NSW driver's licence data breach victims still in the dark after three months

Tens of thousands of people who had their NSW driver’s licence details exposed in a misconfigured AWS bucket remain in the dark about the breach after more than three months.

In late August, around 54,000 scanned NSW driver’s licences were discovered online by Bob Diachenko of Security Discovery while he was investigating another data breach.

The more than 108,000 images of the front and back of scanned licences were located in an open S3 instance, which also contained completed tolling notice statutory declarations.

As reported by iTnews, the NSW government was quickly ruled out as the owner of the AWS S3 bucket, with the leak instead blamed on an unspecified third-party.

Cyber Security NSW later confirmed that a commercial entity was responsible, though at that time it had not been provided with information on the identity of the entity by AWS.

AWS is understood to have notified the entity when the S3 bucket was closed after the breach was reported to the Australian Cyber Security Centre in August.

But while inquiries are continuing, iTnews can reveal Cyber Security NSW is still unaware of the entity’s identity or whether the entity's customers have been notified three months on.
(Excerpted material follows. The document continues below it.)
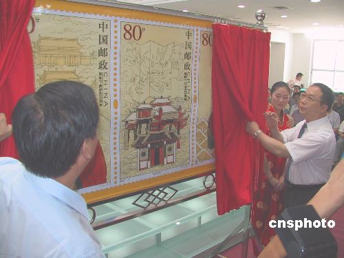 | 六月二十八日,《鄭和下西洋六百周年》紀(jì)念郵票首發(fā)式在福建長樂隆重舉行,該紀(jì)念郵票首發(fā)式共發(fā)行一套包括三枚郵票小版張及一套郵票小型張,其主題是“熱愛祖國、睦鄰友好、科學(xué)航!。圖為首發(fā)式上國家郵政總局副局長張亞非(圖右)為紀(jì)念郵票揭幕。作者:王東明

“AWS… will not disclose its owner due to contractual obligations with the entity,” Cyber Security NSW said in a statement.

“NSW Government is therefore not aware of the identity of the commercial entity, nor NSW customers that may have been affected by the breach.”
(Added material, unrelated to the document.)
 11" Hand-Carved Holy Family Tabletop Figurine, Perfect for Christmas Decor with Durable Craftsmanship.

The spokesperson added that Cyber Security NSW is continuing to work with state and federal agencies to determine the entity's identity and ensure customers are notified.
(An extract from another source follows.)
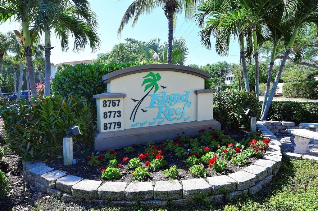 This residence is being sold furnished (some items excluded). Open floor plan. (2070 Sq feet; builders floor plan), two spacious bedrooms, 2 ½ baths, office area, laundry, large enclosed Lanai. Upgrades include new flooring and newer air conditioner. Enjoy picturesque Bay views to watch the sunrise and across the street you can watch sunsets on the Gulf of Mexico. This larger floor plan has full Bay views. Residents of Island Reef enjoy boat docks (lifts allowed), beach, two heated pools, tennis, pickleball, two fitness rooms, saunas, shuffleboard courts, billiards, library, clubhouse, social room, gas grills, bicycle and kayak storage. The carport is just a few steps from the front door. Guest Parking. Close to two of Siesta Key’s popular restaurants. Free trolley to Siesta Village. Monthly Rentals (8 leases a year), pet friendly (30 lbs.), on-site management and rental program.

An AWS spokesperson said the company “has complied with a request from the Australian government related to this matter as required under the Privacy Act”.

AWS would not say whether it was aware the entity in question had notified its customers.

The Office of the Australian Information Commissioner would only “confirm that the parties subject to inquiries are commercial entities”.

While there is no requirement to notify if the data breach is not likely to result in serious harm, any delays in this process can leave customers exposed to scams and other risks.

The inabilty of NSW authorities, in particular, to identify the bucket owner also raises questions around whether the government should be able to step in in the event of a serious data breach.

Cyber Security NSW said the government “is willing to help by partnering with the commercial entity to support any impacted customers, including in relation to communications”.

“This would allow those customers to take prompt action to minimise the risk of harm as a result of their personal information being accessed by third parties,” the spokesperson said.